Date Thu, 27 Aug 2015 20:16:21 GMT
Right - I just found your code. The limitation you mention - async
processors, threads(), multicast() - is exactly what the approach I
describe is meant to overcome.

When a situation like that happens, i.e. a new thread takes over, it gets a
copy of the original exchange, and an ExchangeCreateEvent is fired in it,
allowing a listener to set the copy of exchange on the new thread's
ThreadLocal. This should provide continuity of route scope.
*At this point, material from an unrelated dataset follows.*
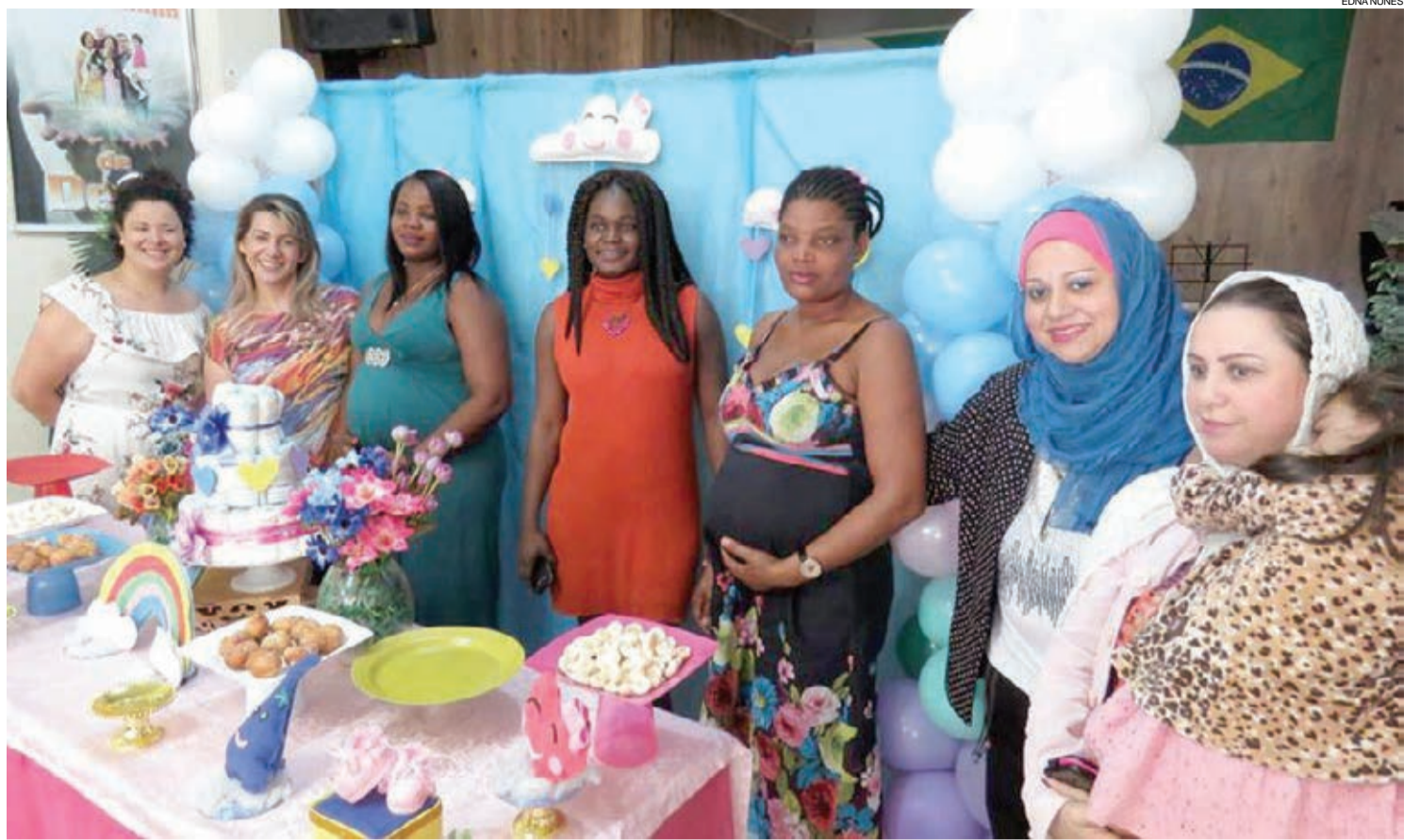
A organização espera que o sucesso do primeiro evento se repita nesta edição

Na primeira edição do evento foram montados 23 enxovais. Quanto às doações, foram recebidos oito berços, 24 colchões, 100 pacotes de fraldas, sete latas de leite e aproximadamente 1.500 peças de

This is what the author of the code I point to claims, and it seems to
work. My main question is: is this guaranteed to work? I.e., if adjacent
components A and B on the same route are executed by different threads, can
I always be sure that the new thread (or threads) executing B will each
copy the exchange and fire ExchangeCreatedEvent before executing B?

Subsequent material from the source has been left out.